Here, the Pearson correlation coefficient ($r_{\mathrm{P}\mathrm{t}-\mathrm{H}2\mathrm{O}}$) is defined as

$$r_{\mathrm{P}\mathrm{t}-\mathrm{H}2\mathrm{O}}=\frac{{\sum }_i\left(I_{\mathrm{P}\mathrm{t}}^i-{\overline{I}}_{\mathrm{P}\mathrm{t}}\right)\left(I_{\mathrm{H}2\mathrm{O}}^i-{\overline{I}}_{\mathrm{H}2\mathrm{O}}\right)}{\sqrt{\sum _i{\left(I_{\mathrm{P}\mathrm{t}}^i-{\overline{I}}_{\mathrm{P}\mathrm{t}}\right)}^2{\left(I_{\mathrm{H}2\mathrm{O}}^i-{\overline{I}}_{\mathrm{H}2\mathrm{O}}\right)}^2}}$$

(3)

where $I_{\mathrm{P}\mathrm{t}}^i$ is the intensity of the X-ray fluorescence of Pt-Kα and $I_{\mathrm{H}2\mathrm{O}}^i$ is the differentiated intensity of Compton-scattered X-rays in the i-th pixel, respectively. ${\overline{I}}_{\mathrm{P}\mathrm{t}}$ and ${\overline{I}}_{\mathrm{H}2\mathrm{O}}$ are their mean values. If this value is close to 1, it means that there is very high correlation between Pt and water, and they are distributed in the same location. If it is close to 0, it means that there is no correlation between them. As shown in Figure 8, the Pearson correlation coefficient is about 0.1 at 100 mA/cm² and about 0.8 at 300 mA/cm² and higher. The correlation maps between Pt and water at 100 and 500 mA/cm² are presented in Figure 9b,c, together with the image of Pt-Ka fluorescent X-ray intensities in Figure 9a. In Figure 8, the value of $r_{\mathrm{P}\mathrm{t}-\mathrm{H}2\mathrm{O}}$ increases when increasing the current density from 0 mA/cm² to 300 mA/cm2 and is almost constant or slightly decreased in 400–900 mA/cm². The overall trend is almost the same to that of the generated water. These facts show that water is dispersed in the CL without any correlation with the amount of Pt catalysts at low current densities, and water tends to be distributed in the Pt-rich areas at high current densities. This finding is consistent with the fact that the chemical reaction takes place at the Pt catalysts.

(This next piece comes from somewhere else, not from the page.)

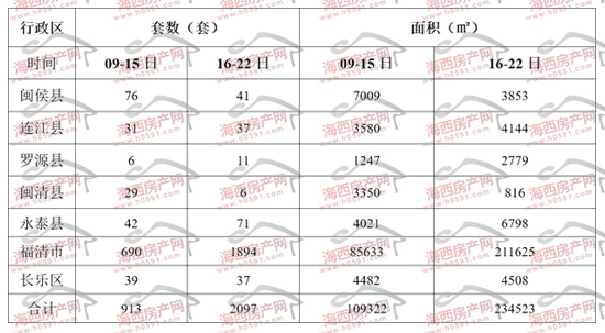 上周福州下辖七县(市)区住宅签约明细表

This work has demonstrated that the study of correlations between liquid water and a specific element is feasible with the simultaneous measurements of Compton-scattered X-rays and fluorescent X-rays. This method can be applied to the study of the relationship between Ce scavengers and liquid water in an operating PEFC.

5. Conclusions

This paper reports the first experiment of Compton scattering imaging with synchrotron-based high-energy X-rays on an operating polymer electrolyte fuel cell. Water generation and accumulation is observed in the vicinity of the cathode catalyst layer. The amount of generated water increases at current densities from 100 to 500 mA/cm², while it remains constant or slightly decreases from 500 to 900 mA/cm². In both the gas diffusion layer and the channel, liquid water is locally observed above 500 mA/cm², indicating the formation of a water flow path. Simultaneous measurements of Pt-Kα fluorescent X-rays show that the local amount of generated liquid water is proportional to that of Pt catalyst nanoparticles at high current densities, while generated liquid water is dispersed in the catalyst layer without any correlation with the local amount of Pt catalysts at low current densities. This study demonstrates that Compton scattering imaging is one of the unique techniques to observe liquid water and to characterize its behaviors in operating polymer electrolyte fuel cells.